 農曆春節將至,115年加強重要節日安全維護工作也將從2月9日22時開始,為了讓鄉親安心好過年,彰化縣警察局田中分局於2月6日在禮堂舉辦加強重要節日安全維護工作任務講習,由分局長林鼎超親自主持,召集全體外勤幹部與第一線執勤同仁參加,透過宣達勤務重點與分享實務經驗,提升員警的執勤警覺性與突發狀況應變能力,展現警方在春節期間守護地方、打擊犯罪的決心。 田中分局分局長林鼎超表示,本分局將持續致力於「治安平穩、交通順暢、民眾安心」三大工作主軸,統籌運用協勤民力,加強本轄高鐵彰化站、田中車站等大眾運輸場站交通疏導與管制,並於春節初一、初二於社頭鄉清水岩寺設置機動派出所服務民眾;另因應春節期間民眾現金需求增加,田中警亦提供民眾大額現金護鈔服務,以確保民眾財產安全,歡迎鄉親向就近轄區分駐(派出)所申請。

==

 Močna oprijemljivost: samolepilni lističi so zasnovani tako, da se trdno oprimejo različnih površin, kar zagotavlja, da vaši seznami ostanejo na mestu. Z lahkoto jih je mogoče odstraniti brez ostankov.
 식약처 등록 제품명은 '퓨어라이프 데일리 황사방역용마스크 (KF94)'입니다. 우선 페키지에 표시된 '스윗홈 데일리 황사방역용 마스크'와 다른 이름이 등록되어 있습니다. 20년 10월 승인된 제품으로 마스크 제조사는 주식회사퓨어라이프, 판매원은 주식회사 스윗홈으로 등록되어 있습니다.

---

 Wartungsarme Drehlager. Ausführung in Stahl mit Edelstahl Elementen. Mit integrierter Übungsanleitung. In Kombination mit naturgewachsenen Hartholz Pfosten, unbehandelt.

WHAT NEEDS TO BE DONE:
Of the entries above, repeat exactly the lines between the line with "Močna oprijemljivost: samolepilni" and the line with "식약처 등록 제품명은", inclusive, and no others.

RESPONSE AREA:
 Močna oprijemljivost: samolepilni lističi so zasnovani tako, da se trdno oprimejo različnih površin, kar zagotavlja, da vaši seznami ostanejo na mestu. Z lahkoto jih je mogoče odstraniti brez ostankov.
 식약처 등록 제품명은 '퓨어라이프 데일리 황사방역용마스크 (KF94)'입니다. 우선 페키지에 표시된 '스윗홈 데일리 황사방역용 마스크'와 다른 이름이 등록되어 있습니다. 20년 10월 승인된 제품으로 마스크 제조사는 주식회사퓨어라이프, 판매원은 주식회사 스윗홈으로 등록되어 있습니다.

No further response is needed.